How trust gets earned
Agents do not get promoted because someone ticks a box. The system tracks every tool call. Success rates. Policy compliance. Whether outputs match known correct answers when we can check.
After enough correct behaviour at one level, the agent becomes eligible for the next. A human still approves the promotion. But the data backs the decision.
This is what a good manager already does with new hires. Small tasks first. Check the results. Bigger tasks if the results are good. We just wrote it down as code and made it auditable.
The permission check
Every tool in the system has a minimum trust level attached. A read only database query might need Intern. A production deployment needs Principal. When an agent calls a tool, the system checks the agent's level against the tool's requirement. Too low? Blocked. Logged. Done.
This happens on every call. No caching, no "it worked last time." Every call is checked fresh, because the agent's level can change between calls if something goes sideways.
Watching for strange behaviour
Even Principal agents are not fully trusted. The system builds a behavioural baseline for each agent. How many records does it normally read? How often does it write? Which tools does it call?
An agent that normally reads 10 records suddenly trying to read 10,000 gets flagged. An agent that calls three tools on a normal day suddenly calling fifteen gets flagged. Does not always mean something is wrong. Does mean someone should look.
Kill switches
Every trust level has a kill switch.
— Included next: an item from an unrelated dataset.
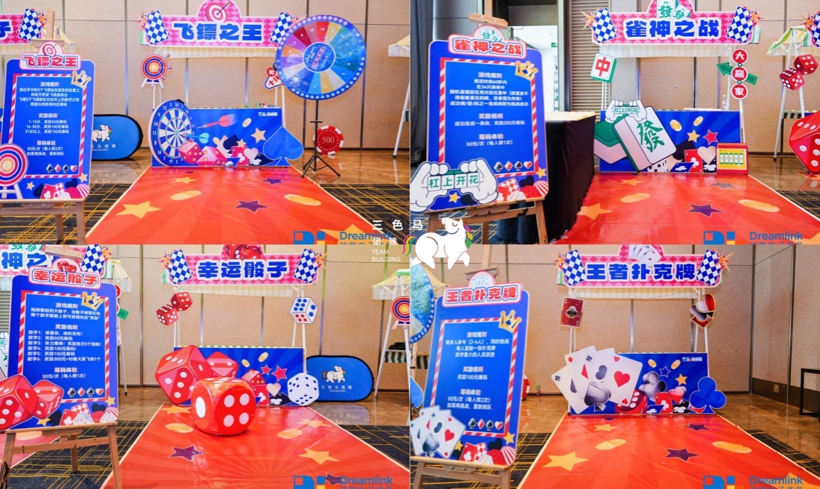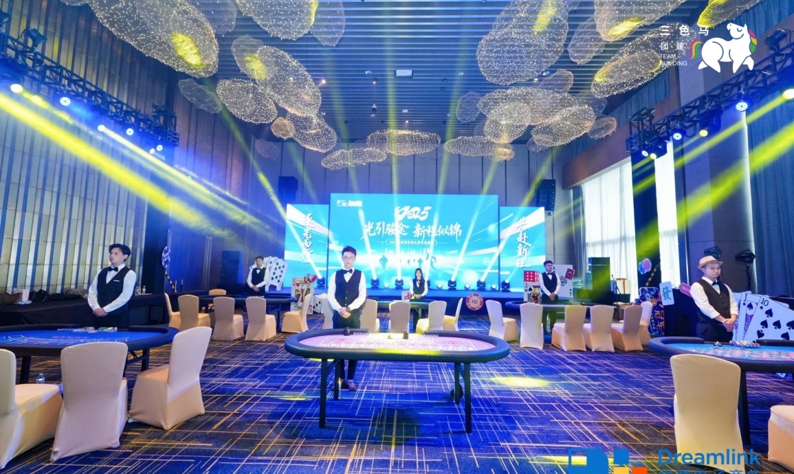 【活动布场】小马提前来到酒店,布置好签到合影墙,装扮博彩嘉年华区域、户外PK区域,灯光和装饰将年会的氛围感拉满~

If an agent does something that worries you, drop it to Intern in milliseconds. Not minutes. The very next tool call hits the new, lower permission level. If things are bad enough, revoke the identity entirely. The agent is frozen until someone investigates.
Agent failures are not like human failures. A person makes mistakes at human speed. An agent can make a thousand bad calls in a second. You need a response mechanism that matches that speed.
What went wrong early on
The first version had three levels. No Junior. Agents went from read only straight to production writes with logging. Too big a jump. We had an agent get promoted too quickly, make a run of bad writes, and it took hours to clean up. The Junior level exists because of that incident. The human approval step on every write slows things down, but it caught problems we would have missed.
We also did not track behavioural patterns at first. Only permission levels. An agent could go from reading 5 records a day to reading 50,000, and as long as it had the right level, nobody noticed. That gap is closed now, but it should have been there from day one.
Why regulators will ask about this
EU AI Act, Article 14. Human oversight of automated decisions. Most companies treat this as a checkbox exercise. Add a human review step somewhere and move on.
Progressive autonomy gives you something real to show an auditor. At the Intern and Junior levels, humans are in the loop on every write. At Senior and Principal, oversight is structural: audit logs, behavioural monitoring, kill switches. Not bolted on after the fact. Built into how the system works.
When someone asks how you maintain human oversight, you show them the trust levels, the promotion history, the audit trail, the kill switch logs. That holds up better than a process diagram with a "human review" box in it.
What comes next
Promotions still need human approval. I think that is right for now. But the system already has enough data to recommend promotions. The question is how much friction we want to remove, and when.
I also think four levels is too coarse. A Senior agent probably should not have the same permissions for the reporting database and the payments system. Per-system trust levels are on the list.
The basic principle stays the same, though. Agents earn trust through behaviour. That trust is tracked. And it can be taken away faster than it was given.